"I originally trained as a highway engineer, before joining RedR UK as a member in the 1990’s. I’ve worked on six different responses to Ebola outbreaks, including Uganda in the early 1990’s and more recently as part of the response to the 2015 outbreak in West Africa.
My specialism is in Water and Sanitation, and Infection Prevention Control (IPC) which also includes “bio safety”. I make sure that aid workers wear the Personal Protection Equipment (PPE) suits correctly so there’s no chance of getting infection. When the infected person has been in a place I clean the area; I wear a suit and I spray the area with chlorine solution and wipe it all down and make sure that no one else catches the disease. You can catch Ebola from the surface of a table, so things have to be cleaned very carefully and thoroughly.
In DRC, we were working in Itipo and Iboko; two villages in the northwest of the country. Itipo was one of the main centres of the outbreak and we suspected that there might be more cases coming from Iboko as it’s a very remote, rural region and the people there had very little knowledge of the disease and how to stop it spreading.
There was already a health centre in Itipo, but they didn’t have a specialist isolation ward.

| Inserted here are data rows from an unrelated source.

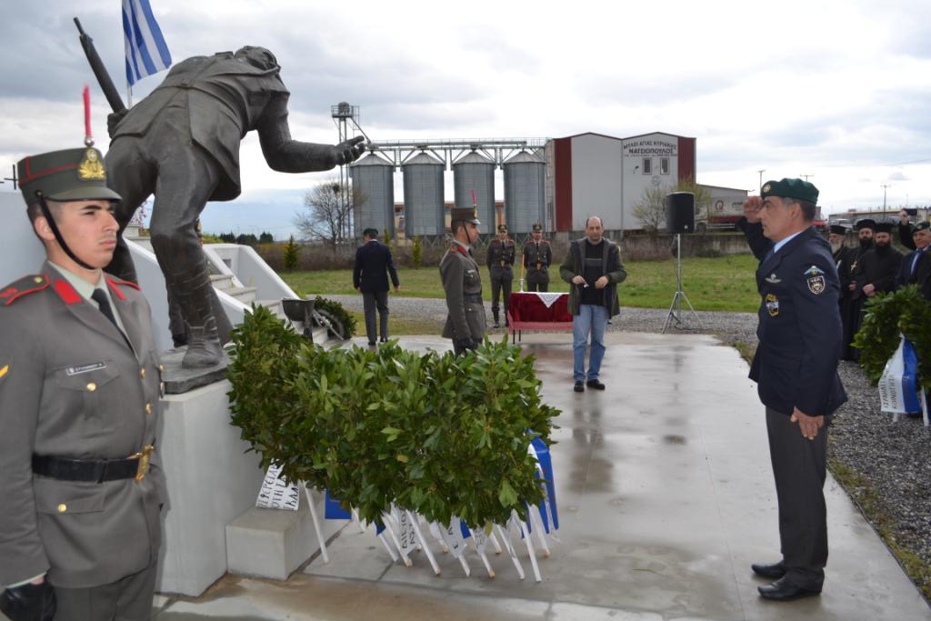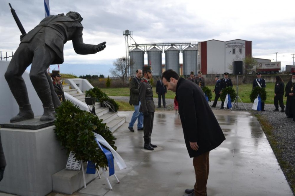 Ακολούθησε η κατάθεση στεφάνων όπου, εκ μέρους του Περιφερειάρχη Θεσσαλίας κ. Κώστα Αγοραστού στεφάνι κατέθεσε ο Αντιπεριφερειάρχης Τρικάλων κ. Χρήστος Μιχαλάκης. Ακόμη κατέθεσαν, εκ μέρους των Ενόπλων Δυνάμεων ο Διοικητής της 1ης Στρατιάς Αντιστράτηγος κ. Δημόκριτος Ζερβάκης, ο Δημάρχος Τρικκαίων κ. Δημήτρη Παπαστεργίου, , ο Αστυνομικός Δ/ντής κ. Γεώργιος Σπηλιόπουλος, ο Διοικητής της Πυροσβεστικής Υπηρεσίας κ. Αντώνιος Σπανός καθώς και πλήθος εκπροσώπων φορέων και συλλόγων. Τέλος , στεφάνι και άνθη κατέθεσαν στο Μνημείο και οι συγγενείς –απόγονοι των πεσόντων Στρατιωτών Κουκοράβα Ηλία, Κωστίμπα Δημητρίου και Μπελετσιώτη Βασιλείου καθώς και μέλη της οικογένειας Κασλά στη μνήμη του Ταγματάρχη Δ. Κασλά.
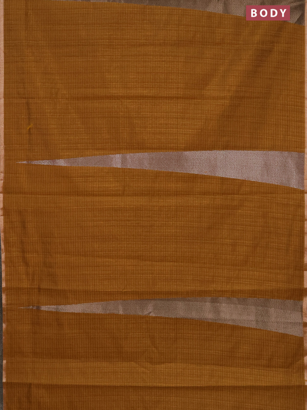 Banarasi semi matka saree dark mustard with allover thread & silver zari stripe pattern and zari woven piping border
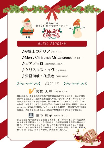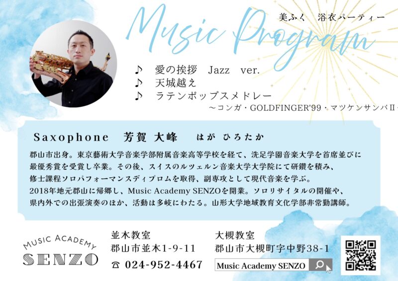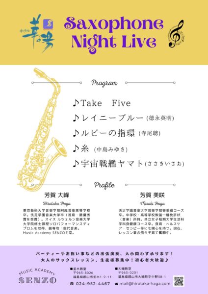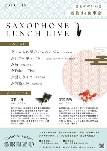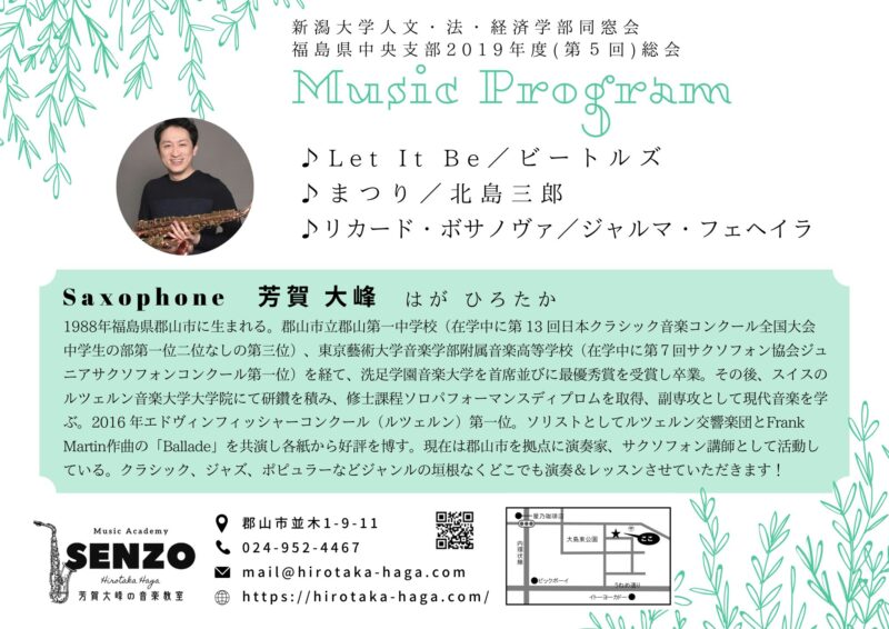 石巻グランドホテル/MC込みで60分/約60名/サックス×2(芳賀大峰・芳賀美咲)または、ピアノ(芳賀大峰)&サックス(芳賀美咲)

The initial idea was to hold any suspected infected patients in Itipo and Iboko, for blood testing, then send them on to Bikoro the Ebola Management Centre. But the patients coming to Itipo didn’t want to travel any further, so we had to build a centre in Itipo too.
From an engineering perspective, one of the initial challenges was trying to get building materials into the villages; we were in the middle of the bush and the roads were very muddy and difficult to access. We ended up using helicopters to move materials around! There was also no electricity and no Wi-Fi, so I resorted to drawing rough designs on bits of paper and then sending photographs of my drawings through whenever I had a chance."